## What to produce
With the images removed, transcribe the listing that follows exactly.

## Source material
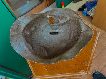 Ww1 stupendo elmetto italiano adrian modello 1916 della prima guerra mondiale, battele damaged, colpito da scheggia e deformato, un pezzo di storia che racconta gli effetti devastanti degli scontri sul campo di battaglia. Presente piu del 90% di colore verde, il matallo e' solido, preservato. Oggetto di grande impatto visivo e scenico
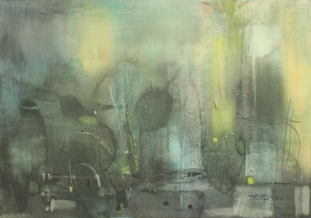 《致靜·昔境》,紙本水彩,53.5x76.3cm,2021年
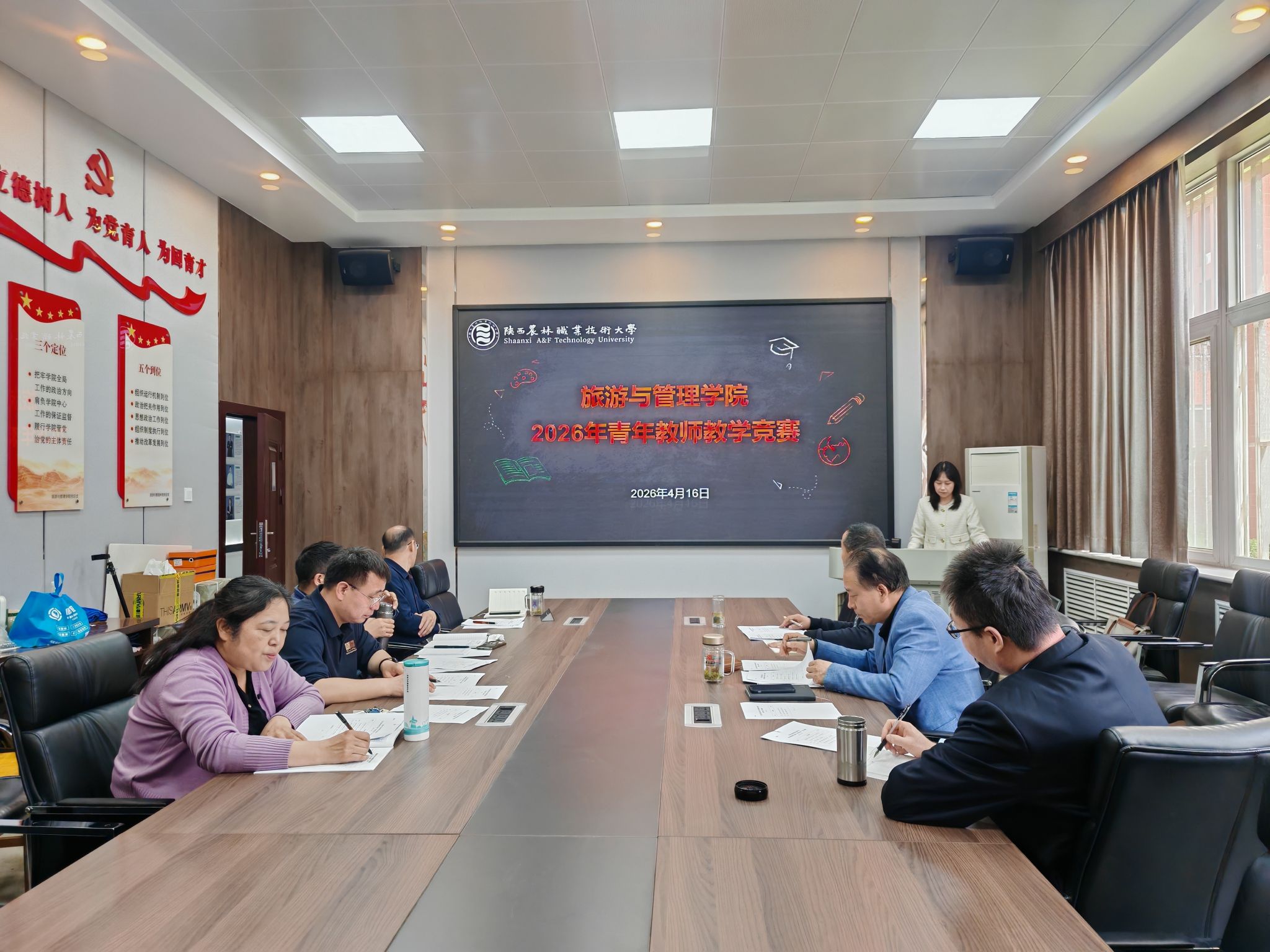 为深入落实学校关于青年教师教学竞赛工作部署,强化青年教师教学基本功,全面提升教学能力与专业素养,2026年4月16日,旅游与管理学院2026年青年教师教学竞赛初赛圆满举行。本次竞赛以“上好一门课”为理念,严格遵循以赛促教、以赛促练、以赛促优的宗旨,为青年教师搭建了交流学习、展示风采、锤炼技能的专业平台。
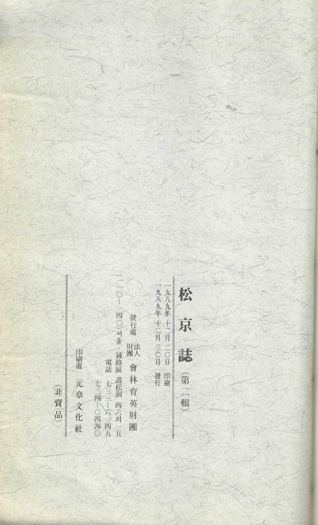2026년 1월 30일 「토리북스(북코아)」에서 만오천원에 구입한 『송경지_2(松京誌_貳)』는 1989년 12월 30일 회림육영재단이 발행하고, 원장문화사가 인쇄해 발간한 책으로 국한문 혼용의 세로쓰기로 번역하고 한문원본 축쇄영인본을 말미에 실어 두었으며, 겹장 오침안정법(五針眼訂法)으로 엮은 책이다.
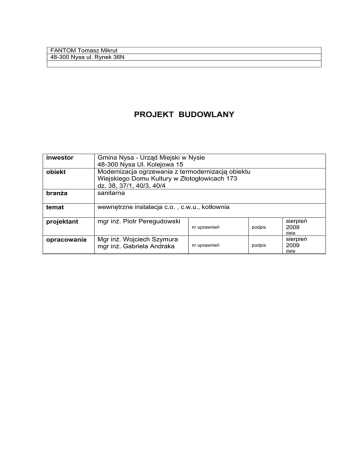 FANTOM Tomasz Mikrut 48-300 Nysa ul. Rynek 36N PROJEKT BUDOWLANY branża Gmina Nysa - Urząd Miejski w Nysie 48-300 Nysa Ul. Kolejowa 15 Modernizacja ogrzewania z termodernizacją obiektu Wiejskiego Domu Kultury w Złotogłowicach 173 dz. 38, 37/1, 40/3, 40/4 sanitarna temat wewnętrzne instalacja c.o. , c.w.u., kotłownia projektant mgr inż. Piotr Peregudowski opracowanie Mgr inż. Wojciech Szymura mgr inż. Gabriela Andraka inwestor obiekt nr uprawnień podpis sierpień 2009 data nr uprawnień podpis sierpień 2009 data Zawartość opracowania: Opis techniczny 1. Dane ogólne 2. Podstawa opracowania 3. Zakres opracowania 4. Opis rozwiązań technicznych 4.1. Instalacja centralnego ogrzewania 4.2. Kotłownia 5. Uwagi końcowe 6. Wytyczne branżowe Załączniki Rysunki: Rys. SI 1 Rys. SI 2 Rys. SI 3 Rys. SI 4 Rys. SI 5 Rys. SI 6 Rzut parteru - wewnętrzna instalacja c.o. Rzut piętra - wewnętrzna instalacja c.o. Rozwinięcie instalacja c.o. Rzut parteru – schemat wewnętrznej instalacji wodnej Rzut pietra – schemat wewnętrznej instalacji wodnej Schemat technologiczny kotłowni 2 1:100 1:100 1:100 OPIS TECHNICZNY do projektu budowlanego instalacji gazu dla modernizacji instalacji centralnego ogrzewania wraz z termomodernizacją obiektu Wiejskiego Domu Kultury w Złotogłowicach 173 dz. 38, 37/1, 40/3,40/4. 1. Dane ogólne obiekt: adres: inwestor: Wiejski Dom Kultury Złotogłowice 173 dz. 38, 37/1, 40/3,40/4 Gmina Nysa – Urząd Miejski w Nysie Remontowany obiekt to budynek 2-kodygnacyjny, niepodpiwniczony. Do budynku projektuje się przyłącze gazowe, projekt przyłącza objęty jest odrębnym opracowaniem. 2 Podstawa opracowania: zlecenie inwestora projekt budowlany architektoniczny; wytyczne projektantów branży architektonicznej i konstrukcyjnej; uzgodnienia z inwestorem; miejscowy plan zagospodarowania przestrzennego; uzgodnienia międzybranżowe; aktualne normy i przepisy. 3. Zakres opracowania. Opracowanie obejmuje projekt budowlany i schematy wykonawcze: wewnętrznej instalacji c.o. wewnętrznej instalacji c.w.u; kotłowni. 4. Opis przyjętych rozwiązań technicznych. 4.1. Instalacja centralnego ogrzewania Zapotrzebowanie na moc cieplną do ogrzania pomieszczeń wyliczono na podstawie normy PN-EN 12831. Moc cieplna dostarczana do pomieszczeń pokrywa straty ciepła spowodowane przenikaniem przez przegrody budowlane oraz zapotrzebowanie na podgrzanie powietrza wentylacyjnego. Obliczenia wykonano przyjmując następujące dane: budynek położony jest w III strefie klimatycznej; obliczeniowa temperatura powietrza zewnętrznego wynosi -200C obliczeniowe temperatury wewnętrzne w pomieszczeniach przyjęto wg rozporządzenia w sprawie warunków technicznych jakim powinny odpowiadać budynki/ Obliczenia współczynników przenikania ciepła dla poszczególnych przegród oraz strat ciepła znajdują się w egzemplarzu archiwalnym. Zapotrzebowania ciepła dla budynku wynosi Qco = 44.090 kW. Instalacje centralnego ogrzewania zaprojektowano jako dwururowa, z rozdziałem dolnym, pompową o parametrach czynnika grzejnego 70/55C , w układzie zamkniętym. Instalację centralnego ogrzewania wykonać należy z rur i kształtek miedzianych łączonych przez lutowanie. Rurociągu rozprowadzające należy prowadzić po wierzchu ścian ze spadkiem 0,3% w kierunku odwodnień. Rurociągi mocować do ścian i podłoża za pomocą obejm metalowych z wkładką gumową. Punkty stałe należy stosować z uwzględnieniem lokalizacji oporów miejscowych. Przy montażu rurociągów stosować należy zalecane przez producenta systemu maksymalne rozstawy uchwytów. 3 Przewody prowadzone w bruzdach i w podłodze należy izolować otuliną pokrytą folią np. Isoterm –flex 445. W pomieszczeniach zaprojektowano grzejniki stalowe, płytowe Buderus typu VK (z podejściem dolnym) lub inne o podobnych parametrach. Grzejniki wyposażone są w zawory termostatyczny, przy których należy zainstalować głowice termostatyczne RTD-3100. Na podejściach należy zainstalować zawory odcinające typu RLV z końcówką spustową DN15. W najwyższych punktach instalacji należy zamontować automatyczne zawory odcinające typu TacoHyVent. Po zamontowaniu instalacje należy poddać próbie szczelności oraz próbie na gorąco z regulacją układu grzejnego. 4.2 Kotłownia Dla budynku kondensacyjny Buderus zgodnie z zapotrzebowaniem ciepła na cele centralnego ogrzewania dobrano kocioł jednofunkcyjny o znamionowej mocy cieplnej 60 kW GB 112-60 prod. Firmy Charakterystyka kotła: nominalna moc cieplna masa kotła maks. ciśnienie robocze wymiary przyłącza c.o. sprawność znormalizowana króciec spalin 60 kW 72 kg 3 bar 900x685x431 mm 1 ½” 105,8% 80 mm Kocioł posiada zamknięta komorę spalania. Wyposażony jest w pogodowy system regulacji ERC z czujnikiem temperatury na zewnątrz i w pomieszczeniu. Do odprowadzenia spalin projektuje się system spalinowy dn 80 albi izolowany termicznie z płaszczem zewnętrznym ze stali nierdzewnej firmy Jeremias . Rury i kształtki należy łączyć przy użyciu uszczelek. Montaż komina wykonać ściśle z zaleceniami producenta systemu. Kocioł współpracować będzie z podgrzewaczem pojemnościowym ciepłej wody użytkowej SU 200 firmy Buderus połączonym równolegle. Podgrzewacz należy wyposażyć w czujniki temp. ciepłej wody WWF. Charakterystyka podgrzewacza pojemność 200l moc ciągła przy 80C 25kW 610 l/h wymiary h/d 1310/600mm średnica przyłącza ¾‘ Sterowanie pracą zasobnika cwu następuje poprzez zawór trójdrogowy . Pompa obiegowa – kocioł gazowy wyposażony jest w pompę obiegową. Pompa cyrkulacyjna – dobrano pompę Z 15 firmy WILO. Rurociągi instalacji w kotłowni zaprojektowano z rur miedzianych półtwardych i miękkich łączonych metodą lutowania kapilarnego prowadzonych po wierzchu ścian Zabezpieczenie instalacji c.o. Zabezpieczeniem kotła będzie, zgodnie z PN-91/B-02414, naczynie wzbiorcze przeponowe oraz zawór bezpieczeństwa. Dob

## Task solution
 Ww1 stupendo elmetto italiano adrian modello 1916 della prima guerra mondiale, battele damaged, colpito da scheggia e deformato, un pezzo di storia che racconta gli effetti devastanti degli scontri sul campo di battaglia. Presente piu del 90% di colore verde, il matallo e' solido, preservato. Oggetto di grande impatto visivo e scenico
 《致靜·昔境》,紙本水彩,53.5x76.3cm,2021年
 为深入落实学校关于青年教师教学竞赛工作部署,强化青年教师教学基本功,全面提升教学能力与专业素养,2026年4月16日,旅游与管理学院2026年青年教师教学竞赛初赛圆满举行。本次竞赛以“上好一门课”为理念,严格遵循以赛促教、以赛促练、以赛促优的宗旨,为青年教师搭建了交流学习、展示风采、锤炼技能的专业平台。
2026년 1월 30일 「토리북스(북코아)」에서 만오천원에 구입한 『송경지_2(松京誌_貳)』는 1989년 12월 30일 회림육영재단이 발행하고, 원장문화사가 인쇄해 발간한 책으로 국한문 혼용의 세로쓰기로 번역하고 한문원본 축쇄영인본을 말미에 실어 두었으며, 겹장 오침안정법(五針眼訂法)으로 엮은 책이다.
 FANTOM Tomasz Mikrut 48-300 Nysa ul. Rynek 36N PROJEKT BUDOWLANY branża Gmina Nysa - Urząd Miejski w Nysie 48-300 Nysa Ul. Kolejowa 15 Modernizacja ogrzewania z termodernizacją obiektu Wiejskiego Domu Kultury w Złotogłowicach 173 dz. 38, 37/1, 40/3, 40/4 sanitarna temat wewnętrzne instalacja c.o. , c.w.u., kotłownia projektant mgr inż. Piotr Peregudowski opracowanie Mgr inż. Wojciech Szymura mgr inż. Gabriela Andraka inwestor obiekt nr uprawnień podpis sierpień 2009 data nr uprawnień podpis sierpień 2009 data Zawartość opracowania: Opis techniczny 1. Dane ogólne 2. Podstawa opracowania 3. Zakres opracowania 4. Opis rozwiązań technicznych 4.1. Instalacja centralnego ogrzewania 4.2. Kotłownia 5. Uwagi końcowe 6. Wytyczne branżowe Załączniki Rysunki: Rys. SI 1 Rys. SI 2 Rys. SI 3 Rys. SI 4 Rys. SI 5 Rys. SI 6 Rzut parteru - wewnętrzna instalacja c.o. Rzut piętra - wewnętrzna instalacja c.o. Rozwinięcie instalacja c.o. Rzut parteru – schemat wewnętrznej instalacji wodnej Rzut pietra – schemat wewnętrznej instalacji wodnej Schemat technologiczny kotłowni 2 1:100 1:100 1:100 OPIS TECHNICZNY do projektu budowlanego instalacji gazu dla modernizacji instalacji centralnego ogrzewania wraz z termomodernizacją obiektu Wiejskiego Domu Kultury w Złotogłowicach 173 dz. 38, 37/1, 40/3,40/4. 1. Dane ogólne obiekt: adres: inwestor: Wiejski Dom Kultury Złotogłowice 173 dz. 38, 37/1, 40/3,40/4 Gmina Nysa – Urząd Miejski w Nysie Remontowany obiekt to budynek 2-kodygnacyjny, niepodpiwniczony. Do budynku projektuje się przyłącze gazowe, projekt przyłącza objęty jest odrębnym opracowaniem. 2 Podstawa opracowania: zlecenie inwestora projekt budowlany architektoniczny; wytyczne projektantów branży architektonicznej i konstrukcyjnej; uzgodnienia z inwestorem; miejscowy plan zagospodarowania przestrzennego; uzgodnienia międzybranżowe; aktualne normy i przepisy. 3. Zakres opracowania. Opracowanie obejmuje projekt budowlany i schematy wykonawcze: wewnętrznej instalacji c.o. wewnętrznej instalacji c.w.u; kotłowni. 4. Opis przyjętych rozwiązań technicznych. 4.1. Instalacja centralnego ogrzewania Zapotrzebowanie na moc cieplną do ogrzania pomieszczeń wyliczono na podstawie normy PN-EN 12831. Moc cieplna dostarczana do pomieszczeń pokrywa straty ciepła spowodowane przenikaniem przez przegrody budowlane oraz zapotrzebowanie na podgrzanie powietrza wentylacyjnego. Obliczenia wykonano przyjmując następujące dane: budynek położony jest w III strefie klimatycznej; obliczeniowa temperatura powietrza zewnętrznego wynosi -200C obliczeniowe temperatury wewnętrzne w pomieszczeniach przyjęto wg rozporządzenia w sprawie warunków technicznych jakim powinny odpowiadać budynki/ Obliczenia współczynników przenikania ciepła dla poszczególnych przegród oraz strat ciepła znajdują się w egzemplarzu archiwalnym. Zapotrzebowania ciepła dla budynku wynosi Qco = 44.090 kW. Instalacje centralnego ogrzewania zaprojektowano jako dwururowa, z rozdziałem dolnym, pompową o parametrach czynnika grzejnego 70/55C , w układzie zamkniętym. Instalację centralnego ogrzewania wykonać należy z rur i kształtek miedzianych łączonych przez lutowanie. Rurociągu rozprowadzające należy prowadzić po wierzchu ścian ze spadkiem 0,3% w kierunku odwodnień. Rurociągi mocować do ścian i podłoża za pomocą obejm metalowych z wkładką gumową. Punkty stałe należy stosować z uwzględnieniem lokalizacji oporów miejscowych. Przy montażu rurociągów stosować należy zalecane przez producenta systemu maksymalne rozstawy uchwytów. 3 Przewody prowadzone w bruzdach i w podłodze należy izolować otuliną pokrytą folią np. Isoterm –flex 445. W pomieszczeniach zaprojektowano grzejniki stalowe, płytowe Buderus typu VK (z podejściem dolnym) lub inne o podobnych parametrach. Grzejniki wyposażone są w zawory termostatyczny, przy których należy zainstalować głowice termostatyczne RTD-3100. Na podejściach należy zainstalować zawory odcinające typu RLV z końcówką spustową DN15. W najwyższych punktach instalacji należy zamontować automatyczne zawory odcinające typu TacoHyVent. Po zamontowaniu instalacje należy poddać próbie szczelności oraz próbie na gorąco z regulacją układu grzejnego. 4.2 Kotłownia Dla budynku kondensacyjny Buderus zgodnie z zapotrzebowaniem ciepła na cele centralnego ogrzewania dobrano kocioł jednofunkcyjny o znamionowej mocy cieplnej 60 kW GB 112-60 prod. Firmy Charakterystyka kotła: nominalna moc cieplna masa kotła maks. ciśnienie robocze wymiary przyłącza c.o. sprawność znormalizowana króciec spalin 60 kW 72 kg 3 bar 900x685x431 mm 1 ½” 105,8% 80 mm Kocioł posiada zamknięta komorę spalania. Wyposażony jest w pogodowy system regulacji ERC z czujnikiem temperatury na zewnątrz i w pomieszczeniu. Do odprowadzenia spalin projektuje się system spalinowy dn 80 albi izolowany termicznie z płaszczem zewnętrznym ze stali nierdzewnej firmy Jeremias . Rury i kształtki należy łączyć przy użyciu uszczelek. Montaż komina wykonać ściśle z zaleceniami producenta systemu. Kocioł współpracować będzie z podgrzewaczem pojemnościowym ciepłej wody użytkowej SU 200 firmy Buderus połączonym równolegle. Podgrzewacz należy wyposażyć w czujniki temp. ciepłej wody WWF. Charakterystyka podgrzewacza pojemność 200l moc ciągła przy 80C 25kW 610 l/h wymiary h/d 1310/600mm średnica przyłącza ¾‘ Sterowanie pracą zasobnika cwu następuje poprzez zawór trójdrogowy . Pompa obiegowa – kocioł gazowy wyposażony jest w pompę obiegową. Pompa cyrkulacyjna – dobrano pompę Z 15 firmy WILO. Rurociągi instalacji w kotłowni zaprojektowano z rur miedzianych półtwardych i miękkich łączonych metodą lutowania kapilarnego prowadzonych po wierzchu ścian Zabezpieczenie instalacji c.o. Zabezpieczeniem kotła będzie, zgodnie z PN-91/B-02414, naczynie wzbiorcze przeponowe oraz zawór bezpieczeństwa. Dob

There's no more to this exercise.